Described as a close knit community where most of the men work at the nearby steel mill, the daily grind of Pleasant Valley is interrupted when a new family, the Trombleys, moves in down the street.  Arriving in a European style roadster and clad in baggy trousers and bow tie, patriarch John Trombly lights a pipe and inspects his new property.  His appearance immediately clashes with the much more subdued nature of the neighborhood and the local men mock his mannerisms from afar, though a musical score of sharp trumpet blasts keeps the situation appear comical.  As weeks go by, the Trombleys keep to themselves.  When John Trombley begins to dig a large hole in his back yard, however, he catches everyone's attention.  "Like most Englishmen, his first though was of next summer's garden.  Or was it a garden?  It looked more like he was trying to bury himself alive.  Well, the Englishman was obviously insane everybody said" Preston relates as Trombley's hole gets wider and deeper.  The speculation and gossip grows so intense it even interrupts a weekly poker game where one man goes so far as to suggest Trombley is digging for uranium on his property.  Eventually Joe Wilson, Trombley's next door neighbor, can't stand the mystery and inquires about the hole, now several feet deep.  John Trombley introduces himself and reveals his hole is actually the foundation for a bomb shelter.  Because he "saw a bit of bombing during the 'last show'", Trombley wants to ensure his family is protected in the event of an enemy attack with atomic weapons.  Interest in civil defense quickly spreads throughout the neighborhood and suddenly several shelters are constructed.

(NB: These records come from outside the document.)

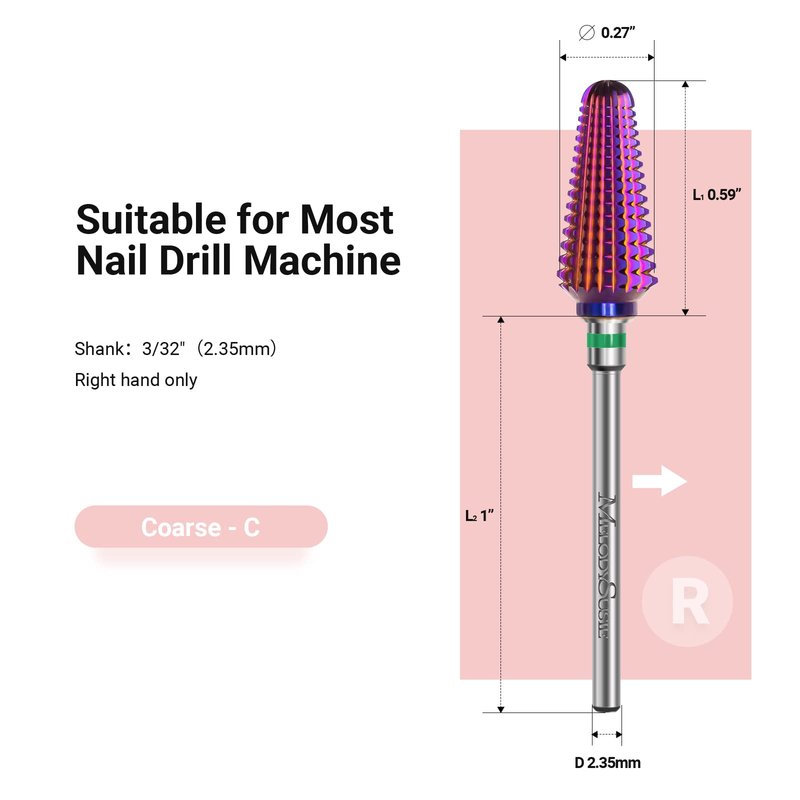 - Right Hand Use: With one direction working direction, this carbide nail drill bit only works for right-hand use, also suitable for both left-handed and right-handed use if your nail drill machine has forward and reverse functions.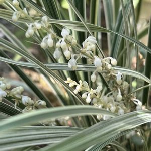 こんばんは♪ 🏷️白い水曜日 滑り込みします💨 ミスキャンタスの花 ユリ科ジャノヒゲ属の常緑多年草 リュウノヒゲの仲間 グレーがかった緑葉に白い縞斑が入る 爽やかなカラーリーフプランツ 別名 スノードラゴン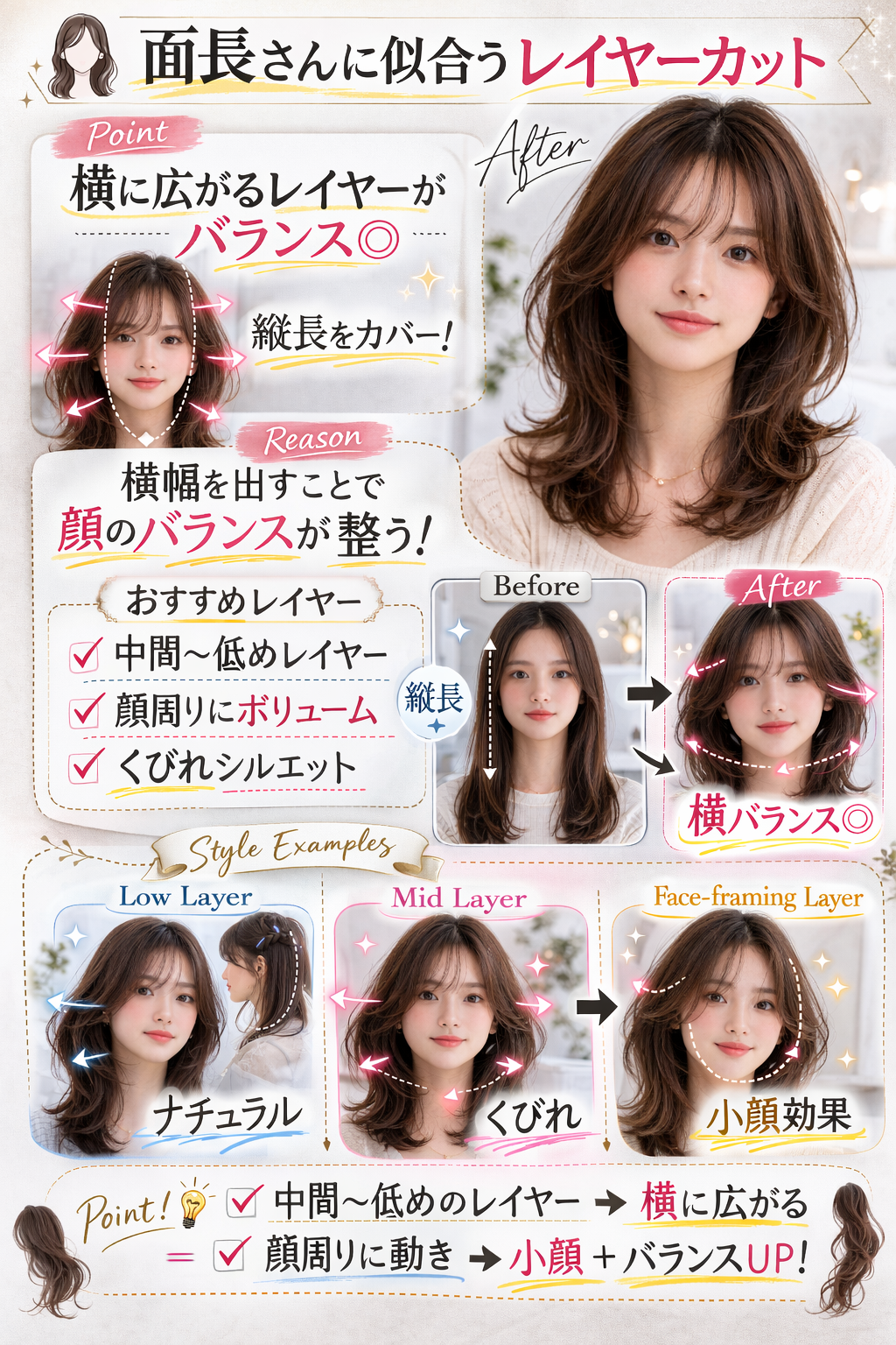 レイヤーの高さを間違えると縦長が強調されるため、顔型に合わせた調整が重要です。

                                 

This film is notable for the number of artistic elements it displays, depicted in part at the conclusion when Preston compares the neighborhood's gossipy tendencies to that of hissing, territorial cats.  This comparison also sets up the humorously clashing cultures which drive the plot forward.  As outsiders, the Trombleys serve to shame their American counterparts out of a generally complacent attitude towards civil defense.  The reaction of Joe Wilson and his fellow citizens, who eagerly try to outdo one another in contribution to community and  individual protection, shows they are rising to meet the challenge.  The message of New Family in Town, however, would prove short lived, as the Office of Civil and Defense Mobilization declared the film obsolete within a decade of its release.  Claiming the information presented as civil defense advice was no longer valid, by 1965 the O.C.D.M. had ordered all government copies of the film returned and encouraged any private owners to cease showing it.(2)

New Family In Town may be viewed, in its entirety, HERE.

References
1. Office of Civil and Defense Mobilization.  Motion Pictures on Civil Defense.  United States Government Printing Office, 1959. 7.

2. Office of Civil Defense.  Civil Defense Motion Picture Catalog.  United States Government Printing Office, 1966.  31.